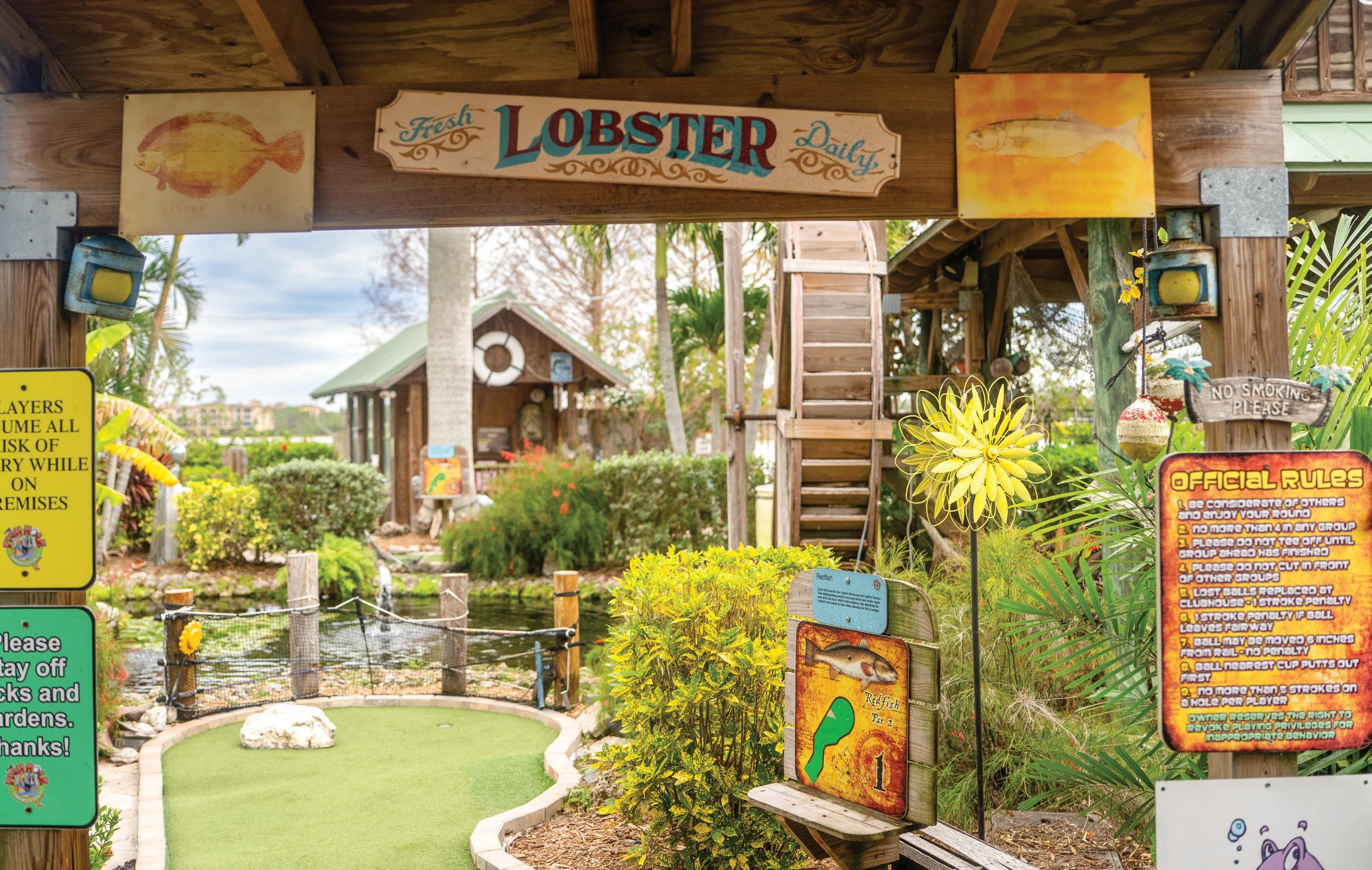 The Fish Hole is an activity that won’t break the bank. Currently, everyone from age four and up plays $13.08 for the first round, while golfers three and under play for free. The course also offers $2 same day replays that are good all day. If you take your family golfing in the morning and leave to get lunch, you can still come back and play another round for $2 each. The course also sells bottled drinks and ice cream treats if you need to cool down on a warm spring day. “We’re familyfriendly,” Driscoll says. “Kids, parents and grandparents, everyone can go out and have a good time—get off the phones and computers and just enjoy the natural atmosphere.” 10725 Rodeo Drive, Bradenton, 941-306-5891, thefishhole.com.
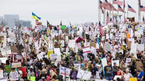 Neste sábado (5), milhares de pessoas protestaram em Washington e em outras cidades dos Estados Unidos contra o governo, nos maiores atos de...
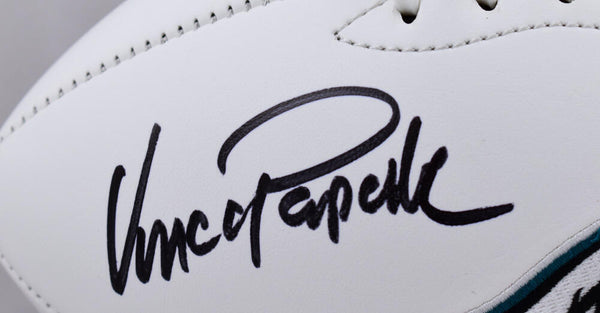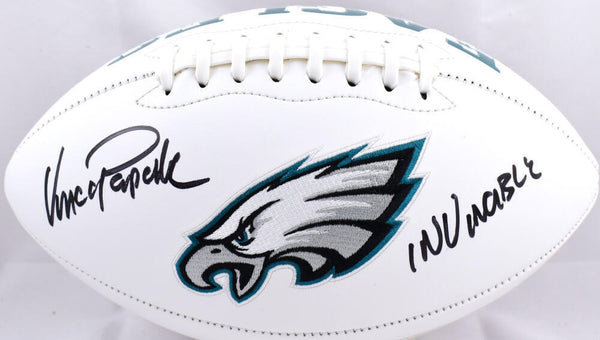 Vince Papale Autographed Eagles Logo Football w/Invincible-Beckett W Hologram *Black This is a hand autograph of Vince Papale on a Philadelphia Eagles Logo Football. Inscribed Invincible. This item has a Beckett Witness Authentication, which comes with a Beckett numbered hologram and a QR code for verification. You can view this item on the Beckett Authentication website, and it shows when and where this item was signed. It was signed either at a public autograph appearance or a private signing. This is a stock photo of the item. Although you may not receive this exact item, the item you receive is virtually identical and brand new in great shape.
--
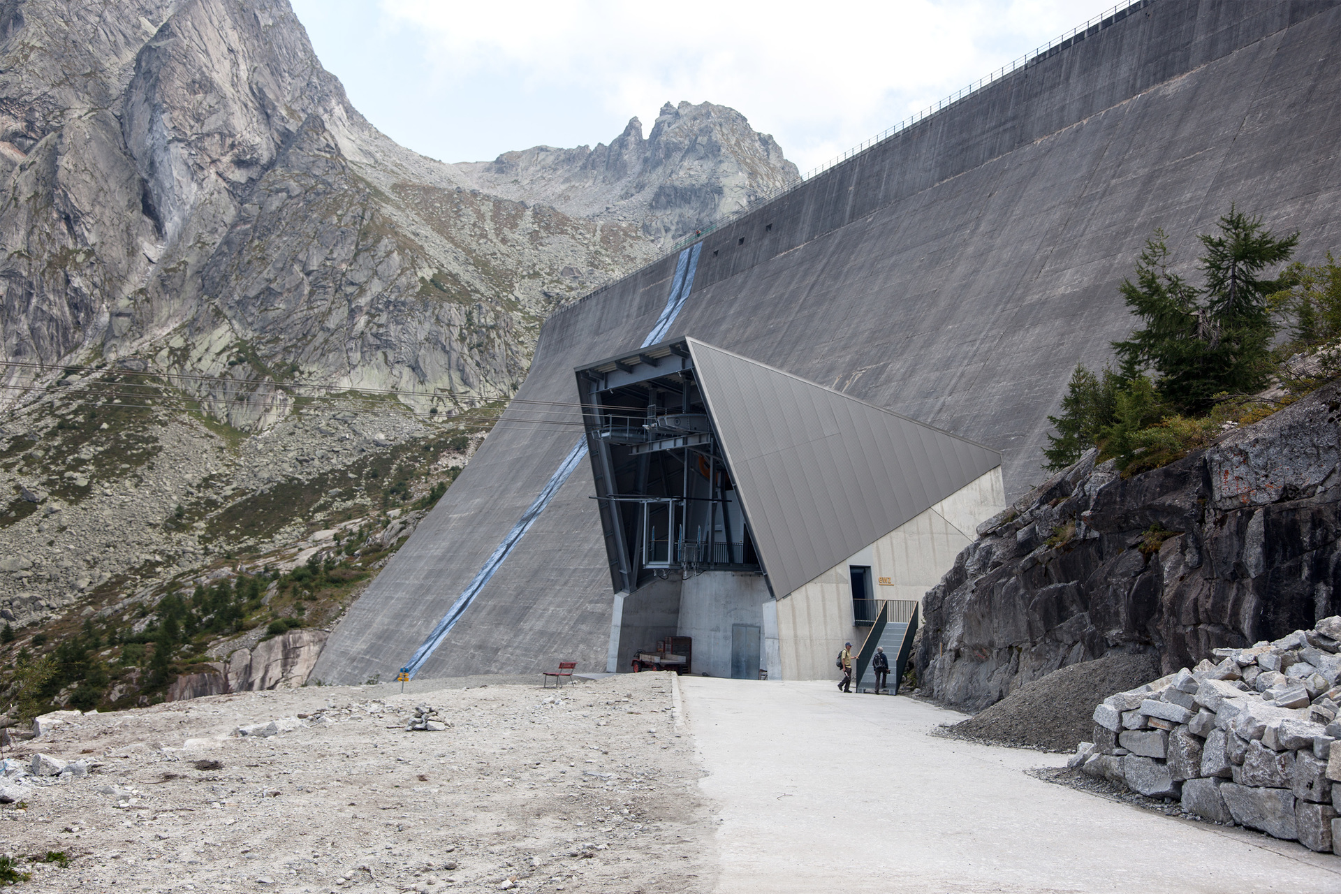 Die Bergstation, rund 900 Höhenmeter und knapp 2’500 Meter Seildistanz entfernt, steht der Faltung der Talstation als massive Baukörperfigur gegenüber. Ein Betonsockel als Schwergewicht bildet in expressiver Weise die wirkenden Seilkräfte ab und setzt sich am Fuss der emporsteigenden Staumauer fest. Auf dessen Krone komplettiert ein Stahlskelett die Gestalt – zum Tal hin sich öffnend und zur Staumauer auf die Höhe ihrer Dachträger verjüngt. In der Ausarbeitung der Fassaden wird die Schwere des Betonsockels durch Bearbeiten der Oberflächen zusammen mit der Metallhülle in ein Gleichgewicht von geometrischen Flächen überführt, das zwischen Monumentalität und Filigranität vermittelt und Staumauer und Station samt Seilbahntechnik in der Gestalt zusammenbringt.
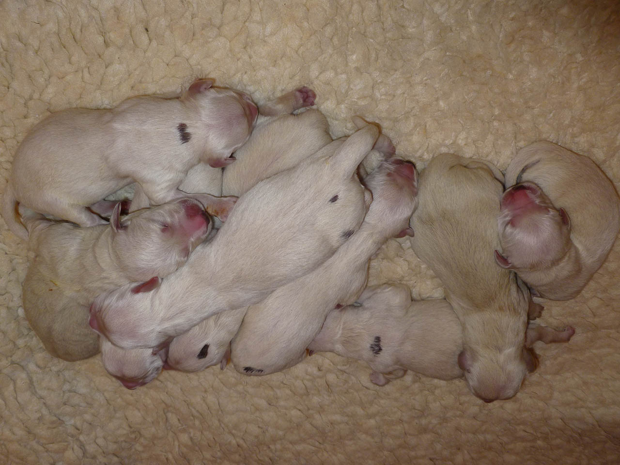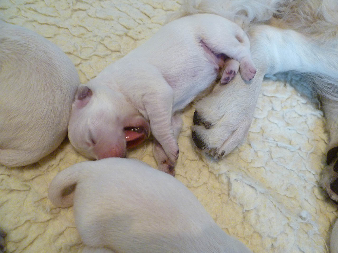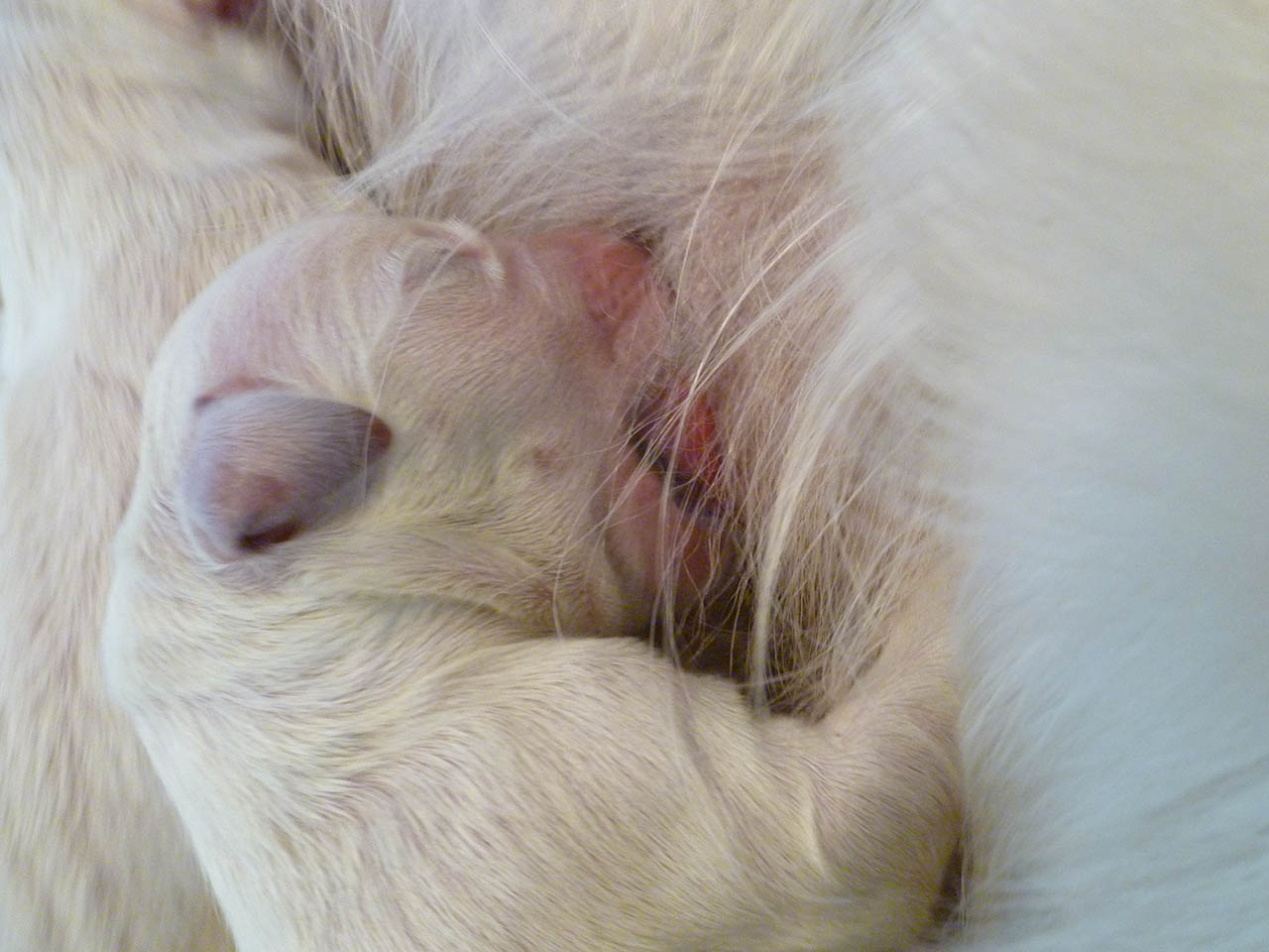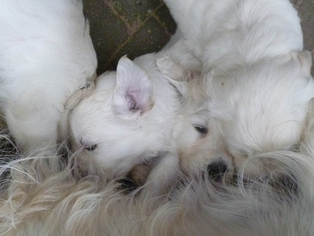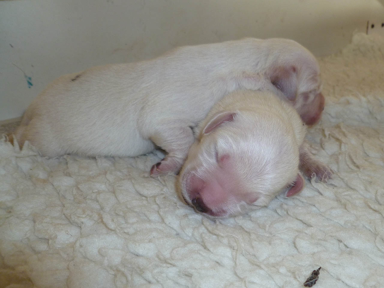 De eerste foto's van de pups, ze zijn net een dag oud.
==
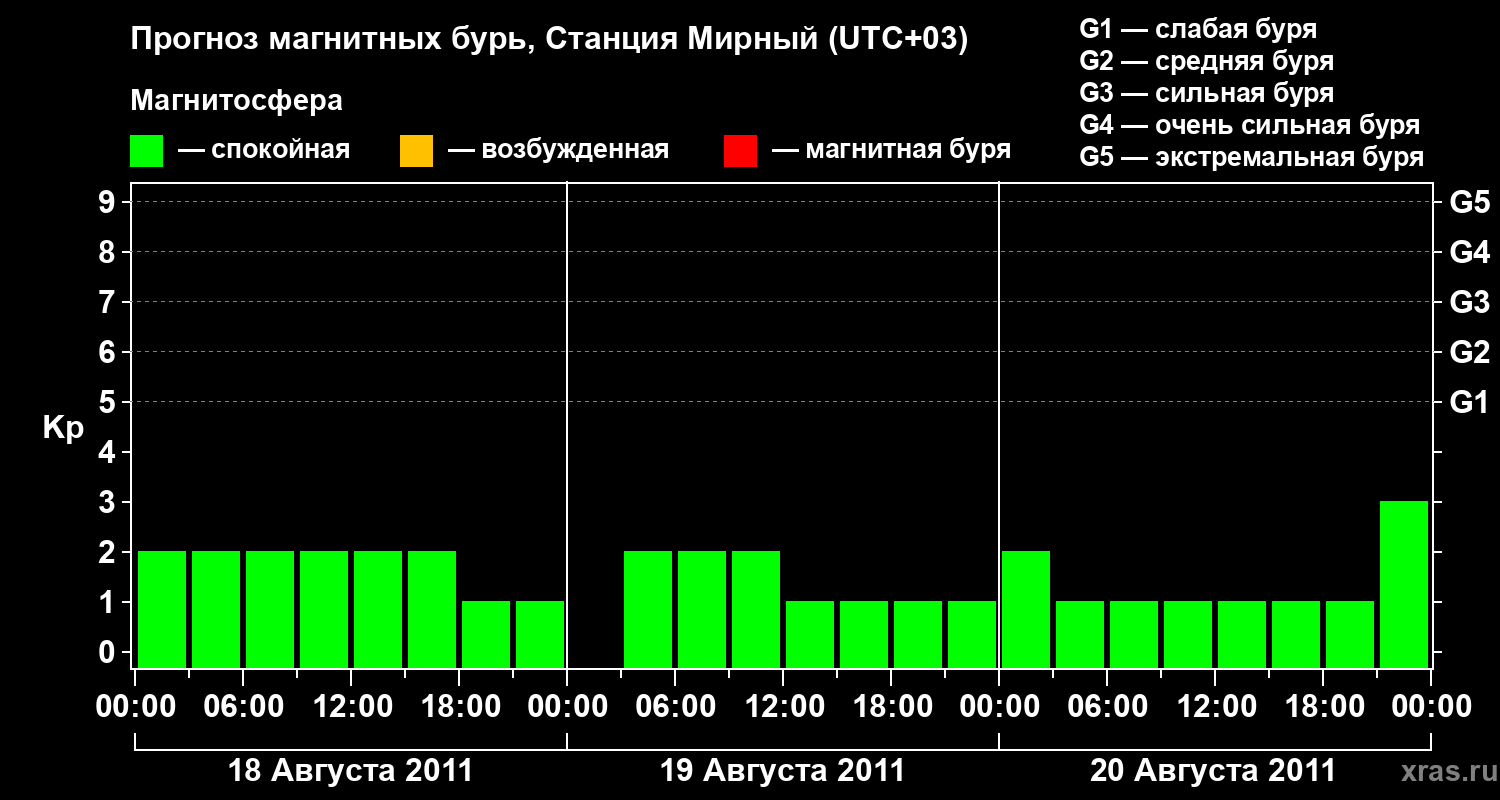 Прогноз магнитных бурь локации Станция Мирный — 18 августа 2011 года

▸ **What is expected**
Reproduce the lines above starting at the one with "The Fish Hole" and ending at the one with "Vince Papale Autographed", both included, exactly and with no pictures.

▸ **Solution for this problem**
 The Fish Hole is an activity that won’t break the bank. Currently, everyone from age four and up plays $13.08 for the first round, while golfers three and under play for free. The course also offers $2 same day replays that are good all day. If you take your family golfing in the morning and leave to get lunch, you can still come back and play another round for $2 each. The course also sells bottled drinks and ice cream treats if you need to cool down on a warm spring day. “We’re familyfriendly,” Driscoll says. “Kids, parents and grandparents, everyone can go out and have a good time—get off the phones and computers and just enjoy the natural atmosphere.” 10725 Rodeo Drive, Bradenton, 941-306-5891, thefishhole.com.
 Neste sábado (5), milhares de pessoas protestaram em Washington e em outras cidades dos Estados Unidos contra o governo, nos maiores atos de...
 Vince Papale Autographed Eagles Logo Football w/Invincible-Beckett W Hologram *Black This is a hand autograph of Vince Papale on a Philadelphia Eagles Logo Football. Inscribed Invincible. This item has a Beckett Witness Authentication, which comes with a Beckett numbered hologram and a QR code for verification. You can view this item on the Beckett Authentication website, and it shows when and where this item was signed. It was signed either at a public autograph appearance or a private signing. This is a stock photo of the item. Although you may not receive this exact item, the item you receive is virtually identical and brand new in great shape.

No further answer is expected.